O governo estadual, disse Elsenbeck, precisa ter planos de longo prazo não apenas para a construção de projetos de energia limpa, mas também para as linhas de transmissão que transportarão essa eletricidade de onde ela é gerada até onde está a demanda. Ele também disse que o processo regulatório para novos projetos energéticos é muito longo; pode levar bem mais de cinco anos em alguns casos.
Noah Kaufman, pesquisador sênior do Centro de Política Energética Global da Universidade de Columbia, disse que há alguma verdade nas preocupações de Hochul sobre acessibilidade. A maioria dos esforços de redução de emissões terá um custo porque restringem as escolhas dos consumidores, disse ele, mas pode ser mitigado através de esquemas de descontos nas facturas de serviços públicos para clientes de baixos e médios rendimentos e através de planeamento a longo prazo.
“Sempre que você diz isso… não vamos usar todas as opções disponíveis”, disse ele, “é como lutar com uma mão amarrada nas costas. Há um custo associado a isso.”

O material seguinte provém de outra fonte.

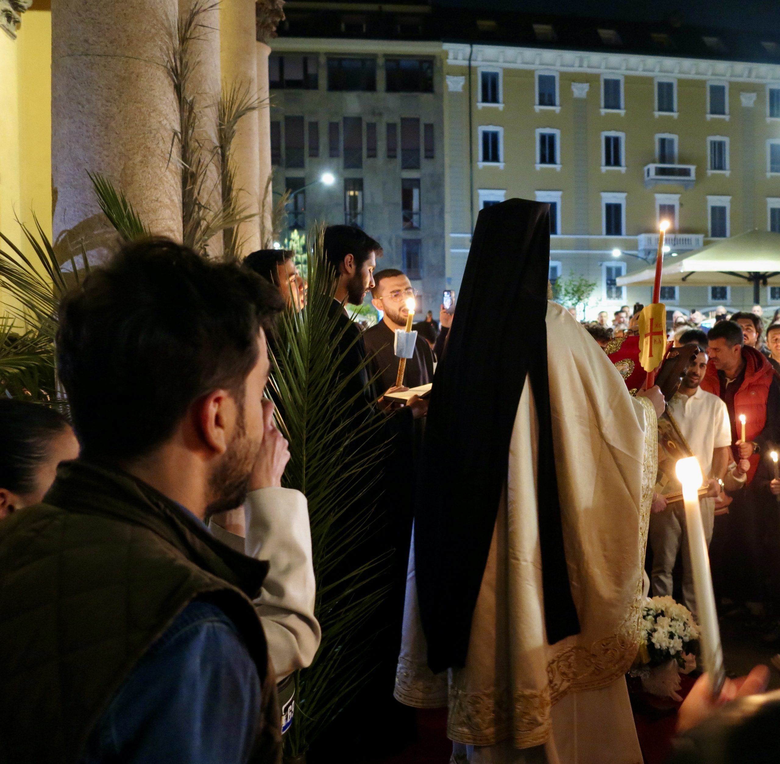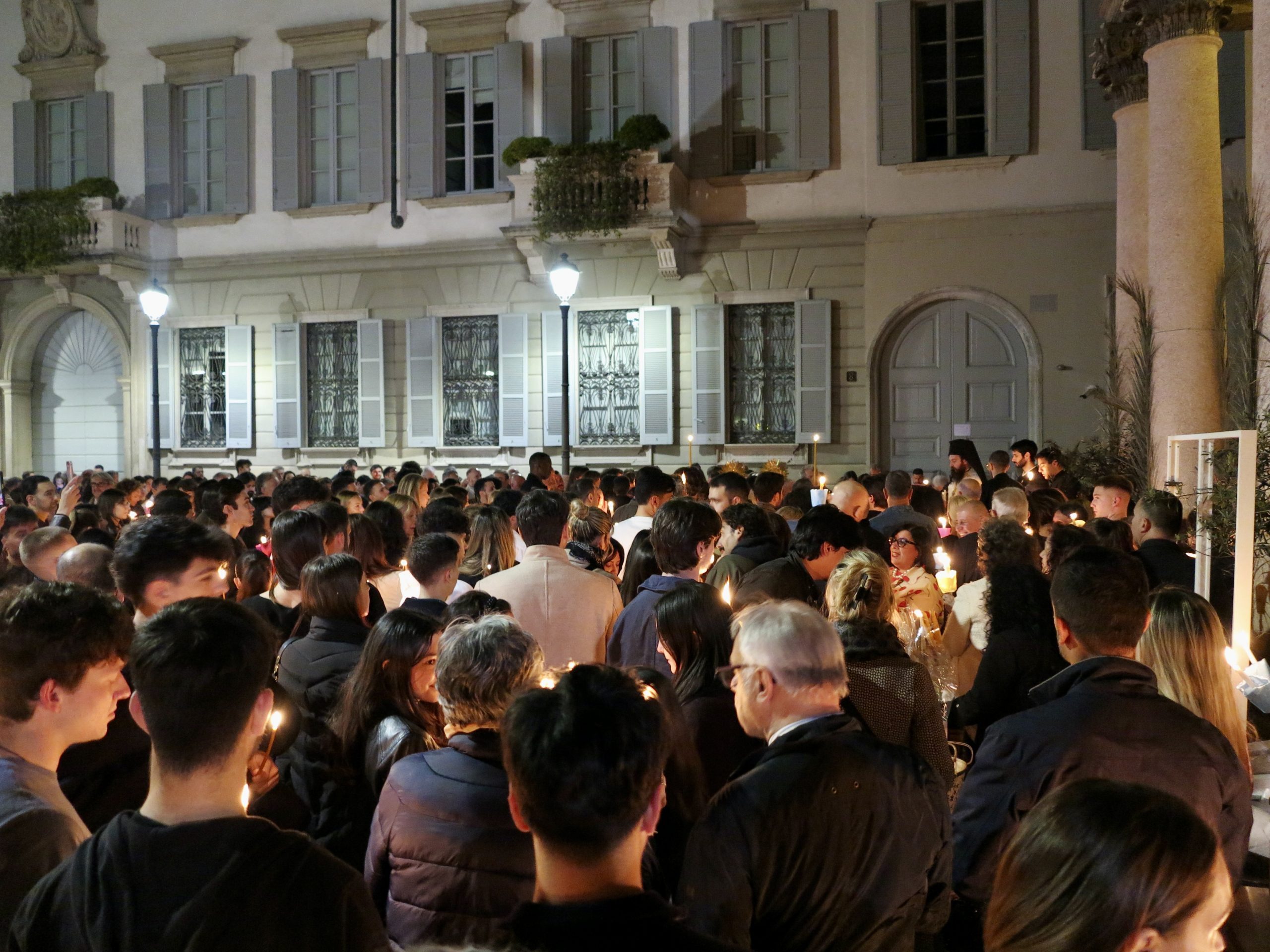 I piccoli fuochi delle candele bianche vibrano nella notte di sabato in piazza Borromeo, nel cuore di Milano. Intorno alla mezzanotte le campane suonano a festa, mentre un nutrito gruppo di fedeli si raccoglie in silenzio per celebrare la Resurrezione di Cristo. Un coro di voci si alza all’unisono cantando Christòs Anèsti, Gesù è risorto; a cui un secondo coro fa eco con un Alithòs Anèsti!, è davvero risorto.
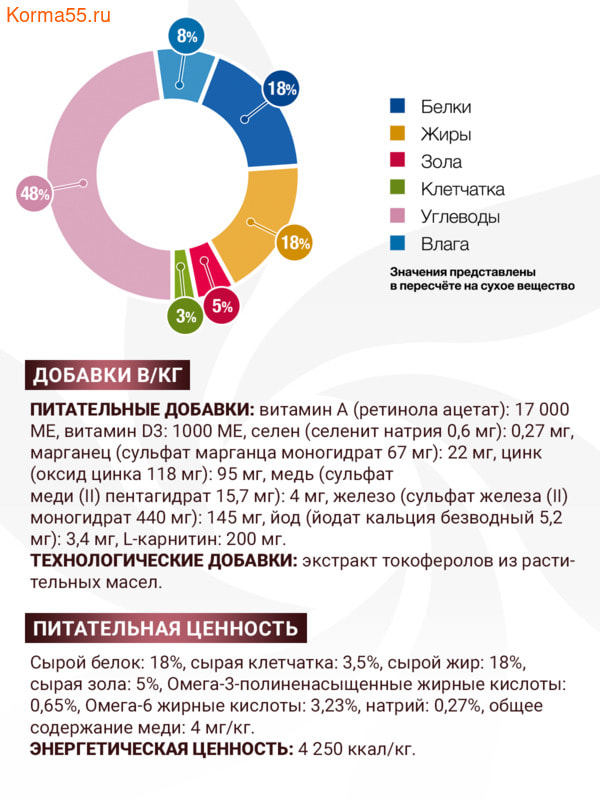 сырой белок: 18%, сырая клетчатка: 3,5%, сырой жир: 18%, сырая зола: 5%, Омега-3 жирные кислоты: 0,65%, Омега-6 жирные кислоты: 3,23%, натрий: 0,27%, общее содержание меди: 4 мг/кг.
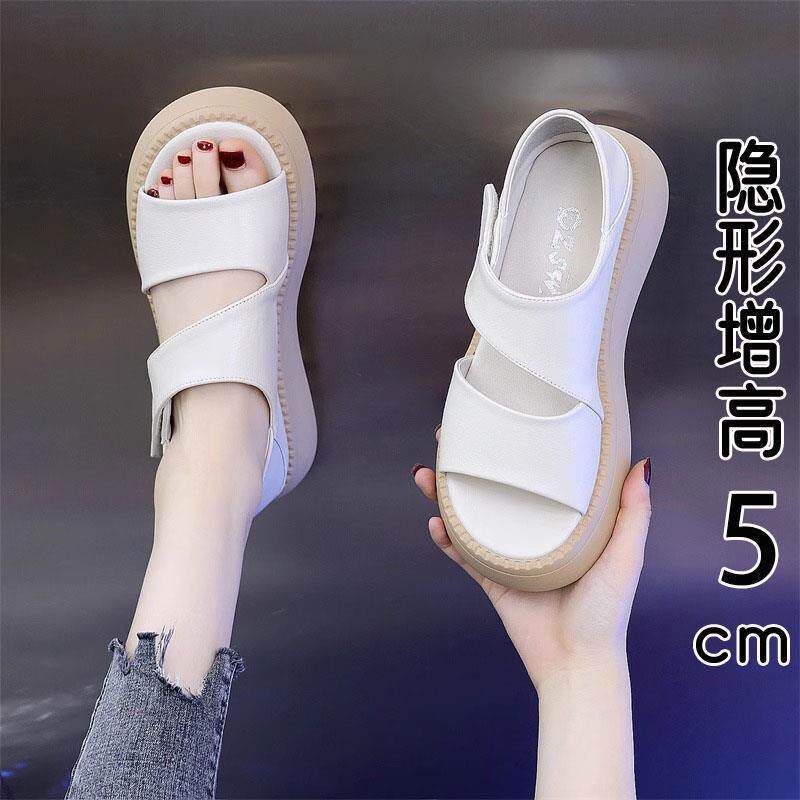 香港真皮包跟凉鞋女夏季外穿2025年新款魔术贴厚底增高沙滩罗马鞋
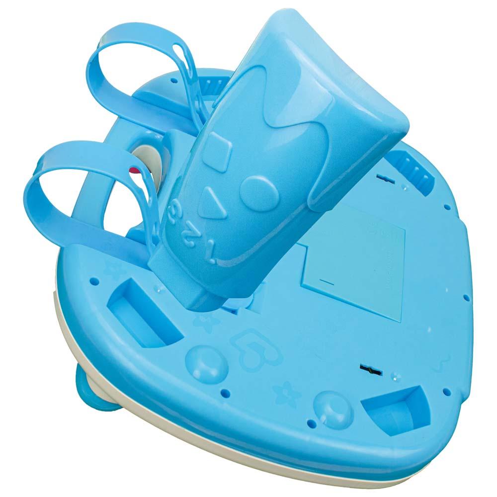 É preciso colocar pilhas 3 AA, encaixar os pés na mesa que vem separados na embalagem ou prender a mesa em alguma superfície com as tiras que também acompanham a embalagem antes de deixar a criança brincar. O brinquedo possui botão liga e desliga. Espelho, luzes, efeitos sonoros de carro, articulações e botões divertidos.
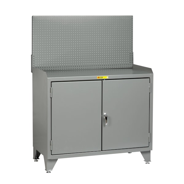 Counter Height Bench Cabinet, 36"W, Solid Doors, Steel Top, Pegboard

Uma boa forma de manter os custos baixos, disse ele, é planear com uma ou duas décadas de antecedência, porque “esse é o período em que as pessoas pensam em mudar de veículo ou de fornalha ou caldeira”.
“Continuar a sofrer”
Embora a matemática em torno das emissões de gases com efeito de estufa pareça abstrata, os seus impactos já estão a ser sentidos em todo o estado, muitas vezes por comunidades negras de baixos rendimentos.
Eric Walker, gestor sénior de políticas de justiça energética da WE ACT, uma organização que representa uma comunidade de justiça ambiental no Harlem, preocupa-se com o que esta decisão significa por “colocar a vida das pessoas em risco e sobrecarregar a saúde das pessoas, bem como as suas carteiras”.
A Lei do Clima estabelece metas de redução de emissões, mas não especifica como alcançá-las. Afirma que o estado deve publicar regulamentos para cumprir a sua meta climática até ao final de 2024. O estado publicou documentos indicando a sua intenção de implementar um programa de precificação do carbono, também conhecido como cap-and-invest.
O estado nunca divulgou todos os detalhes ao público, o que levou a organização de Walker a abrir um processo alegando que a inação do estado viola a lei climática. O juiz ficou do lado das organizações ambientais e ordenou que Hochul divulgasse os regulamentos do programa. Hochul culpou parcialmente esta decisão pelas mudanças que está a fazer na lei climática.
“Precisamos destes dólares para investir nas nossas comunidades, e o programa cap-and-invest deveria trazer milhares de milhões de dólares todos os anos”, disse Ko, da Aliança para a Justiça Ambiental da Cidade de Nova Iorque. Ko disse que a organização manteve discussões com agências estaduais sobre a implementação da precificação do carbono.
“Agora as comunidades continuam a sofrer sob o jugo das indústrias de combustíveis fósseis”, disse ela, “e isso significa menos dinheiro… para coisas que as nossas comunidades merecem”.
Uma desaceleração na acção climática pode ter impactos reais na saúde das comunidades de Nova Iorque, especialmente no contexto de uma reversão federal das regulamentações ambientais.
O distrito de Gonzalez abriga a maior usina de energia de combustível fóssil da cidade de Nova York; os moradores se referem ao bairro como “beco da asma”.
“Meus eleitores estão respirando ar envenenado por um período mais longo do que qualquer um deveria”, disse ela.